The middleware is stateless across instances — the playbook lives on agent state under state["ace_playbook"], so it persists across tool calls within a run and can be checkpointed by LangGraph across runs.

Quick install

pip install agent_episodic_memory
from langchain.agents import create_agent
from agent_episodic_memory import ACEMiddleware

agent = create_agent(
    model="anthropic:claude-sonnet-4-6",
    tools=[...],
    middleware=[ACEMiddleware()],
)

That's the whole integration. The playbook is empty on the first run and grows from there.

vs. existing LangChain context middleware

agent_episodic_memory SummarizationMiddleware ContextEditingMiddleware compact-middleware
Learns across runs
Delta updates (not full rewrites)
Structured playbook state
Architecture from ICLR 2026 paper
Preserves detail across iterations partial partial
Zero LLM calls in the generator hook
Composes with SummarizationMiddleware

Paper results (reference only — not reproduced by this package)

agent_episodic_memory is an architecture port, not a paper reproduction. The numbers below are from Zhang et al.'s official implementation against the AppWorld / FiNER / Formula harnesses using DeepSeek-V3.1 as the backbone and an LLM-based Reflector + grow-and-refine Curator. This package ships the Generator/Reflector/Curator hook structure and a zero-LLM default Reflector — it does not ship the adaptation harness, the benchmark suites, or a trained Reflector, and therefore does not produce these metrics out of the box. For the canonical implementation, see ace-agent/ace.
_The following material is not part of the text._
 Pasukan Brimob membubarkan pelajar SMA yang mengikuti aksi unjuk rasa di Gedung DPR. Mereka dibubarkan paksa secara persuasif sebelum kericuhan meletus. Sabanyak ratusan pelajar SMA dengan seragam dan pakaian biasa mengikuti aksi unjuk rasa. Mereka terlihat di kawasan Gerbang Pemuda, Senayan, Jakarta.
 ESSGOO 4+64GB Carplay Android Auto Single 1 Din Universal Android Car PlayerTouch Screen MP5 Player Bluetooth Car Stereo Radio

From Zhang et al., ICLR 2026:

  • +10.6% on the AppWorld agent benchmark
  • +8.6% on financial reasoning (FiNER + Formula)
  • −86.9% average adaptation latency
  • −82.3% latency and −75.1% rollouts vs. GEPA (offline AppWorld)
  • −91.5% latency and −83.6% token dollar cost vs. Dynamic Cheatsheet (online FiNER)
  • 91.8% KV cache reuse during evaluation
  • Matches the top-1 ranked IBM CUGA (60.3%) on AppWorld overall average, despite using the much smaller open-source DeepSeek-V3.1 instead of CUGA's GPT-4.1. With online adaptation, ACE also surpasses IBM CUGA by 8.4% in TGC and 0.7% in SGC on the test-challenge split.
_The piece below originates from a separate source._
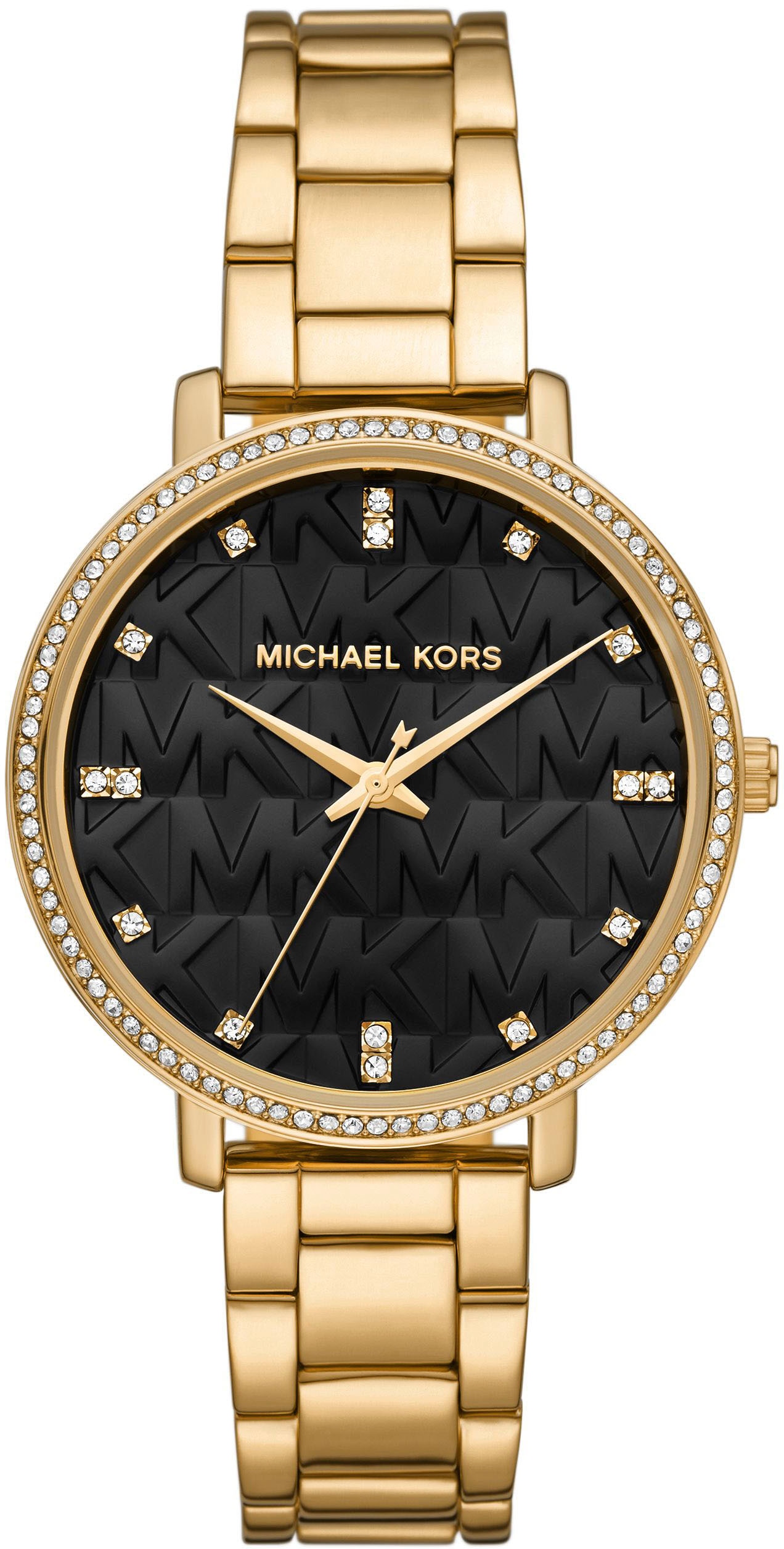Quarzuhr MICHAEL KORS "PYPER", gelbgoldfarben, schwarz, Armbanduhren, Damen, Armbanduhr, Damenuhr, Edelstahlarmband, analog, Glassteine

The IBM CUGA reference is used by the paper as a rough contextual benchmark — not a direct methodological comparison — to show ACE operates in a similar performance range using a much smaller open backbone.

How the three hooks work

Generator (wrap_model_call)

Before each model call, the middleware reads the current playbook from state["ace_playbook"] and injects it into the system message. If an existing system message is present, the playbook is appended; otherwise a new system message is constructed.
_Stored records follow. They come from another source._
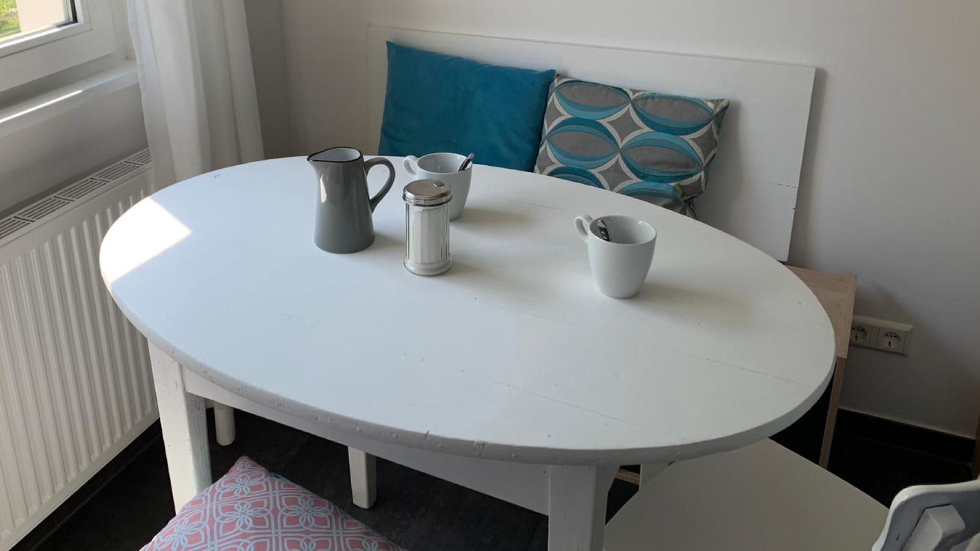 • Einbauküche mit Induktionsherd, Backofen, Kühlschrank mit Gefrierfach, Wasser-/Eierkocher, Kaffeemaschine und Toaster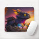This mousepad has a dragon with eggs pictured on it.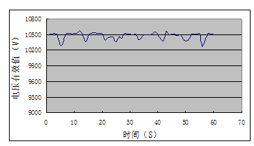 FGSVG運行后無功功率補償效果非常理想,系統(tǒng)側平均功率因數(shù)穩(wěn)定在0.95以上,系統(tǒng)側的無功功率降低到300kvar以下。FGSVG投運后對沖擊性無功功率快速補償,有效的抑制了電網(wǎng)電壓的閃變,電網(wǎng)電壓最大波動200V,基本穩(wěn)定在10500V附近,保證了用電設備的安全運行,如圖4所示。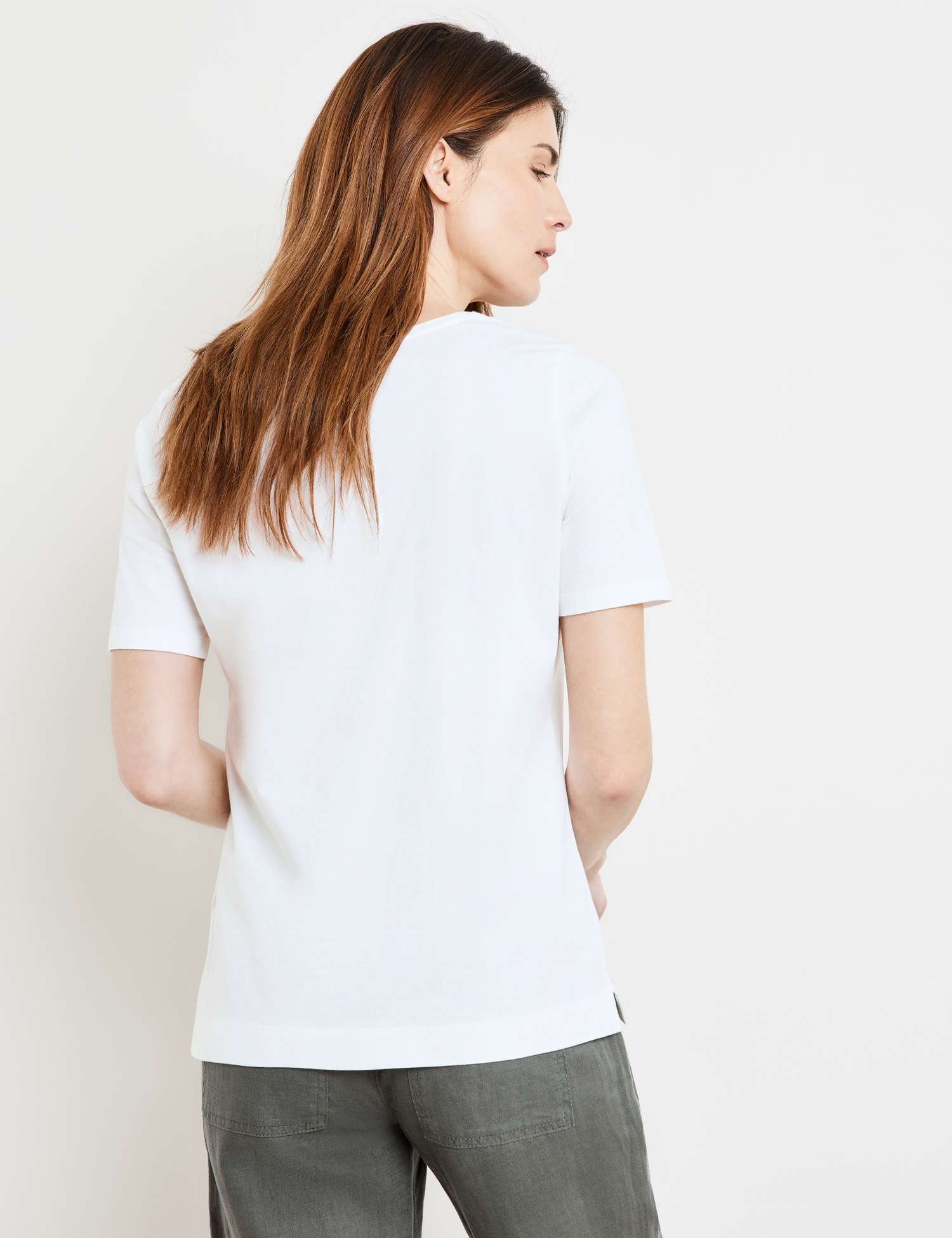 Gekonnt gestyled: Mit dem figurumspielenden T-Shirt aus nachhaltiger Baumwolle haben Sie viele Kombinationsmöglichkeiten. Das hautfreundliche, softe Material punktet mit einem angenehmen Tragegefühl. Seitliche Saumschlitze und ein gerader Schnitt vervollständigen das Basic Shirt.

The rendered playbook groups entries by category (tool_use, final_answer, observation, …) and marks each with its outcome:

<playbook>
  <tool_use>
    [+] read_file on config.json succeeded
    [-] grep without file-type flag returned too many hits
  </tool_use>
  <final_answer>
    [+] summarize after three or fewer file reads
  </final_answer>
</playbook>

Outcomes are [+] success, [-] failure, [o] neutral. The system prompt instructs the model to prefer [+] patterns and avoid [-] patterns when they apply.

Reflector (after_model)

After each model call, the middleware inspects the latest AIMessage. The default reflector is deterministic and zero-LLM: it categorizes the output as tool_use (has tool calls) or final_answer (pure text) and appends a DeltaEntry with outcome neutralit deliberately never claims success or failure. A heuristic cannot know whether a final answer was correct, and labeling every final answer success would poison the playbook with confident-wrong entries that then feed forward into every future run. The paper explicitly warns against this failure mode.

Override the public reflect() method in a subclass to plug in an LLM-based Reflector that produces real success/failure labels. For example, a cheaper model that rates whether the step made progress toward the task goal, or a judge model that compares the final answer against a ground-truth signal. See the paper §4 for the full Reflector design the authors ran against AppWorld and FiNER.

Curator (after_agent)

At the end of the run, the Curator merges the accumulated ace_pending_deltas into the playbook. Entries are deduplicated by a content-hash fingerprint over (category, content, outcome). This is exact-match dedup only — the paper's grow-and-refine semantic merge is not implemented in v0.1. Two near-identical strategies that differ by one token will coexist in the playbook as separate entries. The updated playbook is written back to state and is ready for the next run.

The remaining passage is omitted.